All listings posted in this article contain different variables as <FABRIC_CA_VERSION>. They should be replaced with desired values (or your own named variables).  Remember to pass the same values whenever necessary.

Now you can run all certificate authorities using  the command:

docker-compose -f ./docker-compose-ca.yaml up -d ca-tls rca-system rca-order rca-core1 rca-core2

The file passed to the command above contains all service definitions (ca-tls, rca-system, etc.) listed on the right-hand side.

Next you need to register all components as “ca-tls” administrator. Admin has been created during the CA container launch. Look at the command section of “ca-tls” service definition.

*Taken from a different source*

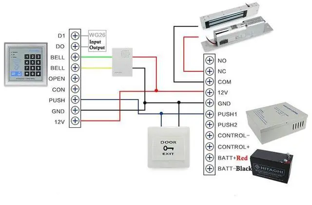 Operative device: E/M Lock, access controller, exit push Button.
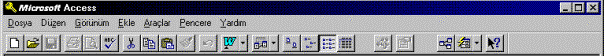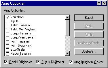 Başka araç çubuklarının görüntülenmesi ve araç çubukları ile ilgili değişik ayarlar yapabilmek için Görünüm menüsünden Araç Çubukları seçeneği seçilir. Aşağıdaki diyalog kutusunda, istenilen diğer araç çubuklarına ait kutuların işaretlenmesi ile başka başka araç çubukları da görüntülenebilir. Ancak bilinmelidir ki, Access programı, o anda yapılmakta olan işlem için gerekli olan araç çubuğunu otomatik olarak görüntüleyebilmektedir.

You need to set some environment variables used by CA:

export FABRIC_CA_CLIENT_TLS_CERTFILES=<WORKING_DIR>/tls-ca/crypto/tls-cert.pem

Then enroll the admin:

fabric-ca-client enroll -d -u https://tls-ca-admin:<CA_TLS_ADMIN_PASS>@<VM1_IP>:<CA_TLS_PORT>

And register all network components (a few examples below):

fabric-ca-client register -d --id.name peer1-core1 --id.secret <PEER1_CORE1_PASS> --id.type peer -u $PARENT_CA_FABRIC_SERVER
fabric-ca-client register -d --id.name orderer1-order --id.secret <ORDERER1_PASS> --id.type orderer -u $PARENT_CA_FABRIC_SERVER
fabric-ca-client register -d --id.name admin-orderer1-order --id.secret <ORDERER1_ADMIN_PASS> --id.type admin -u $PARENT_CA_FABRIC_SERVER

Additional admins for orderers (admin-orderer1-order, admin-orderer2-order, etc.) must be created because they are necessary to join orderers in a channel later.

After network components registration is done, you need to register the rest of identities, for all organizations one by one. As an example, “rca-system” is used:

export FABRIC_CA_CLIENT_TLS_CERTFILES=<WORKING_DIR>/system/ca/crypto/ca-cert.pem
export FABRIC_CA_CLIENT_HOME=<WORKING_DIR>/system/ca/admin

fabric-ca-client enroll -d -u https://rca-system-admin:<RCA_SYSTEM_ADMIN_PASS>@<VM1_IP>:<RCA_SYSTEM_PORT>

fabric-ca-client register -d --id.name admin-system --id.secret <ADMIN_SYSTEM_PASS> --id.type admin -u $PARENT_CA_FABRIC_SERVER 

fabric-ca-client register -d --id.name peer1-system --id.secret <PEER1_SYSTEM_PASS> --id.type peer -u $PARENT_CA_FABRIC_SERVER

Registered identities must be enrolled to generate necessary certificates. So, the next step is to enroll peer1 for System, admin for System, orderer1 for Order, etc. As an example the System organization is used again.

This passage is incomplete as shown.